# SOURCE MATERIAL
● ● ● ● ● ● ●

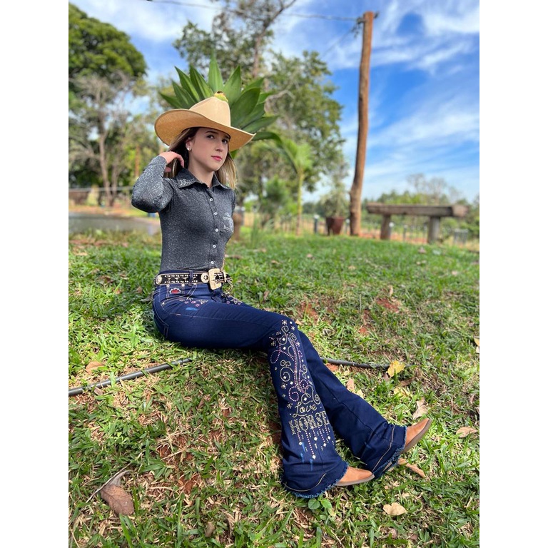Roupa clearance feminina country, Cal a Feminina West Moda Country Brilhos Love Horse em Strass clearance
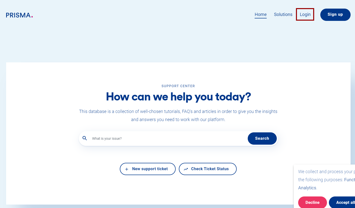In this article, you can find out how to log into the PRISMA Support Portal where you will find our knowledge base and be able to manage your tickets with the Customer Success Team.
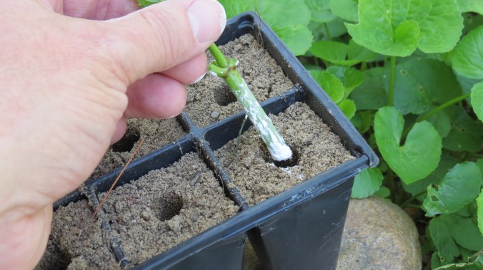 9. Place the stem into the prepared soil, being very careful not to brush off the rooting hormone as you insert the stem into the hole. Once placed, gently tamp down the soil.

● ● ● ● ● ● ●

# PROBLEM REQUIREMENTS
Would you copy out the material above exactly, without the pictures in it?

# SOLVED PROBLEM
Roupa clearance feminina country, Cal a Feminina West Moda Country Brilhos Love Horse em Strass clearance
In this article, you can find out how to log into the PRISMA Support Portal where you will find our knowledge base and be able to manage your tickets with the Customer Success Team.
 9. Place the stem into the prepared soil, being very careful not to brush off the rooting hormone as you insert the stem into the hole. Once placed, gently tamp down the soil.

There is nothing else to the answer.